Notice that the standard error output always comes after the regular output and that it is displayed in red on most systems. (Don't panic if not in red on your machine.)

  1. Comment out these test lines for now and let's switch gears slightly. We want to build a regex pattern for validating credit cards. To simplify matters for lab purposes, we assume that all valid credit cards must have 16 digits, with optional spaces or dashes breaking up those digits into 4 groups of four. The second test array has six test statements – the first three are valid credit cards and the last three are invalid. We will begin this part of the lab by creating a new set of testing code:
  p= /^\d{16}$/
  statement_array=[%w[1234567890123456 1234-5678-9012-3456 1234\ 5678\ 9012\ 3456 1234567890 #1234567890123456 1234|5678|9012|3456 12345678901234567]]
  cc = RegexTester.new(p, statement_array)
  cc.test

Remember to copy in the second test array from Part 1 Step 2 of this lab. We will build the pattern slowly and in steps listed below.

  1. Allow for just 16 digits by adding
  cc.pattern = /^\d{16}$/

and then test with

  cc.test

Running this code resulted in only the first statement passing and the rest failing.

  1. Now modify the pattern:
  cc.pattern = /^\d{16}$|^(\d{4}-\d{4}-\d{4}-\d{4})$/

Rerun the code and the second statement should now pass. Be sure you understand why this works for proceeding (look at cheat regex).

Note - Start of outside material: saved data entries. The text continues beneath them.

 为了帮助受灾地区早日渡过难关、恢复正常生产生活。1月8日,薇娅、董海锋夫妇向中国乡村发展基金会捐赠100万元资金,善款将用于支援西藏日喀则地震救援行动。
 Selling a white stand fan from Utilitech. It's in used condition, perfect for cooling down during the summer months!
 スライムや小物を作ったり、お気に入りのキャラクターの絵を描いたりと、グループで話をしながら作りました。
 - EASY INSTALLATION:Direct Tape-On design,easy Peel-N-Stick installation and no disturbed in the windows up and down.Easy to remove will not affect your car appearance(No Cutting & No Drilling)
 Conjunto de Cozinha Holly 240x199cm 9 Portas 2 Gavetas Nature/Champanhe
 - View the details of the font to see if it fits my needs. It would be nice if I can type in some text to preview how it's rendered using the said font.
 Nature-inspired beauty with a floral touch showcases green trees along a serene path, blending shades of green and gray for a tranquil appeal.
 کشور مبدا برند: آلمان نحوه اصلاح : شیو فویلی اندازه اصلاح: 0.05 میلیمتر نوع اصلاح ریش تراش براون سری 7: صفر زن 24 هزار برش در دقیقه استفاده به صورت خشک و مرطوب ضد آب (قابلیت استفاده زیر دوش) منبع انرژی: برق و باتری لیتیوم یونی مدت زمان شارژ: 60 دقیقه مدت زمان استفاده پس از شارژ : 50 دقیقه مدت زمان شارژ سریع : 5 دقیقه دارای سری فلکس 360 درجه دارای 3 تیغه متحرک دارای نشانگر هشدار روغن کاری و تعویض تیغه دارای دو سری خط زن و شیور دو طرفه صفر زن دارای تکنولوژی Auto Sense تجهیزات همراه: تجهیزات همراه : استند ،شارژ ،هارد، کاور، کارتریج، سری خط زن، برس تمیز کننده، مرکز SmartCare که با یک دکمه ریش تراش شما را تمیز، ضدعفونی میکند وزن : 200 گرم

  1. We want to shorten this pattern and get rid of some of the repetition. Change the pattern to
  cc.pattern = /^\d{16}$|^((\d{4}-){4})$/

and see what happens. Why does it fail? Be sure to understand why (look at cheat regex) before proceeding.

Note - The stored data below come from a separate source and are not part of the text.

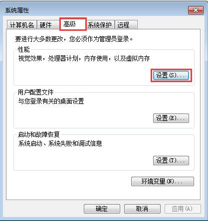 在系统属性选项卡中,点击“高级”,然后在再点击“设置”,如图所示:
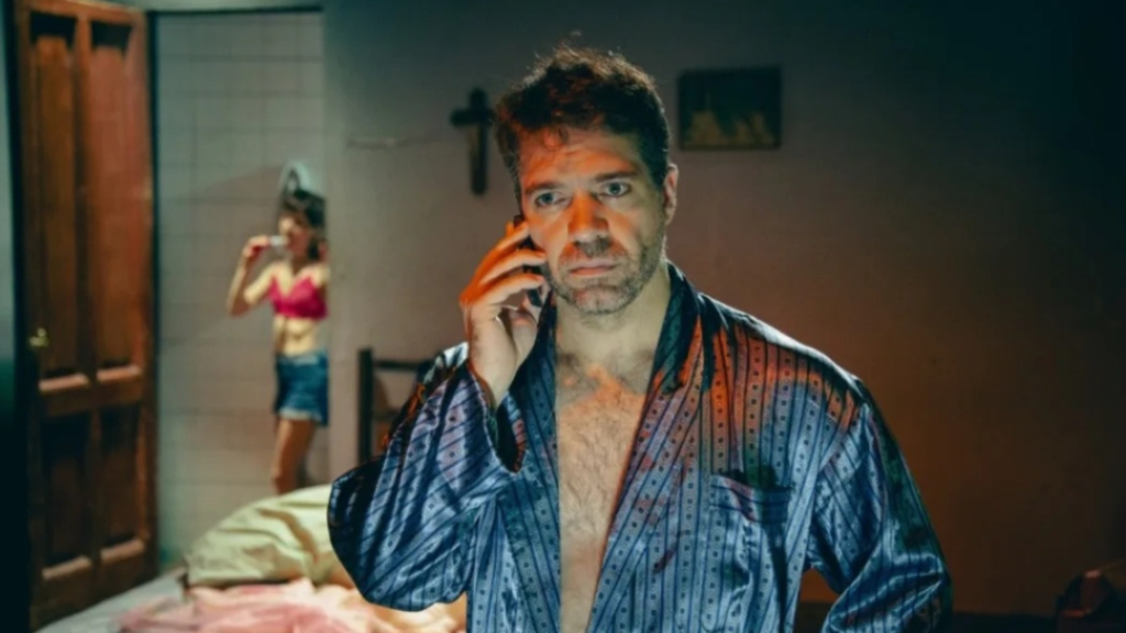 La acción transcurre casi por completo en una habitación de hospedaje austera: una cama doble, una cruz colgada en la pared, una televisión encendida que proyecta imágenes de saqueos. Allí llegan Marcia (Manuela Fernández), una actriz televisiva, y su esposo Marcos (Lucas Delgado), luego de que su auto los deje tirados en la ruta. La primera aparición de Nelson (Damián Smajo), el dueño y encargado del hospedaje, introduce un clima ambiguo que se mantendrá durante toda la obra: su amabilidad resulta intrusiva y su hospitalidad, una forma de vigilancia. Nelson enseguida reconoce a Marcia como una figura famosa y, lejos de retirarse, se instala como una presencia constante en que ciertas veces es percibida como molesta, y otras, convenientes.
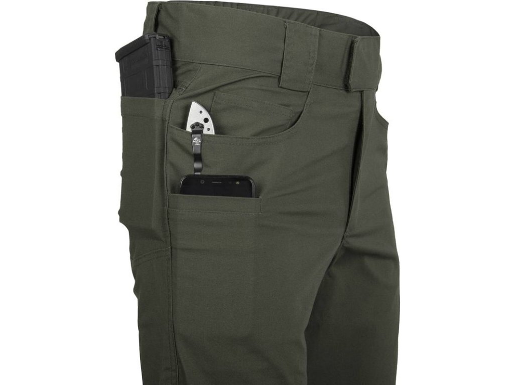 Nohavice Greyman® od firmy Helikon jsou vhodné na běžné nošení, ale i na rekreační/sportovní střelbu či na jiné outdoorové aktivity. Střih kalhot, zapínání na suchý zip, speciální provedení rozkroku, které zvyšuje komfort a životnost kalhot, zipy značky YKK®, široké poutka na opasek 50mm a guma všitá na zadní straně kalhot z nich dělají velmi komfortní a funkční kus do vašeho šatníku. Kalhoty mají velký počet kapes (9): 2 klasické kapsy vpředu s menší kapsou na zásobník, stehenní kapsy na mobilní telefon nebo jiné vybavení, 2 zadní kapsy klasické, 2 zadní kapsy na zásobníky.
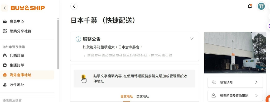 寄送的地址要填寫 Buy&Ship 日本倉庫
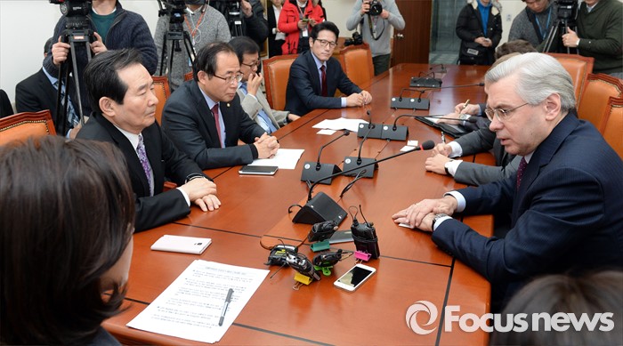 (서울=포커스뉴스) 11일 오후 서울 여의도 국회 외교통일위원회에서 나경원 위원장과 여야 의원, 알렉산드르 안드레예비치 티모닌 주한러시아대사가 북한 핵실험 관련 간담회를 하고 있다.

  1. Let's fix that problem by changing the pattern above ever so slightly to
  cc.pattern = /^\d{16}$|^((\d{4}-?){4})$/

What is the difference and why does it matter? Again, be sure to understand why before proceeding.

  1. We want to get the space recognized, so we will modify the pattern again to
  cc.pattern = /^\d{16}$|^(\d{4}[ -]?){4}$/

Confirm that this works and be sure you know why.

  1. Wait! You just had a great epiphany and realize that the 'or' is no longer needed! Why, you could just shorten this to regex to /^(\d{4}[ -]?){4}$/ and it would work. Try this and confirm your insight and be sure you fully understand why it works.

  2. Now that we can see how our little regex_tester will help us create viable regular expressions, use it to go back to the original pattern and first test array and revise the pattern so that it only allows for proper URLs but also that it allows all the items in the test array (which are in fact valid and working URLs). After you make corrections to the pattern and all statements pass the test.


Submission:

This lab is to be submitted by Sunday February 16, 2020 at 11:59PM.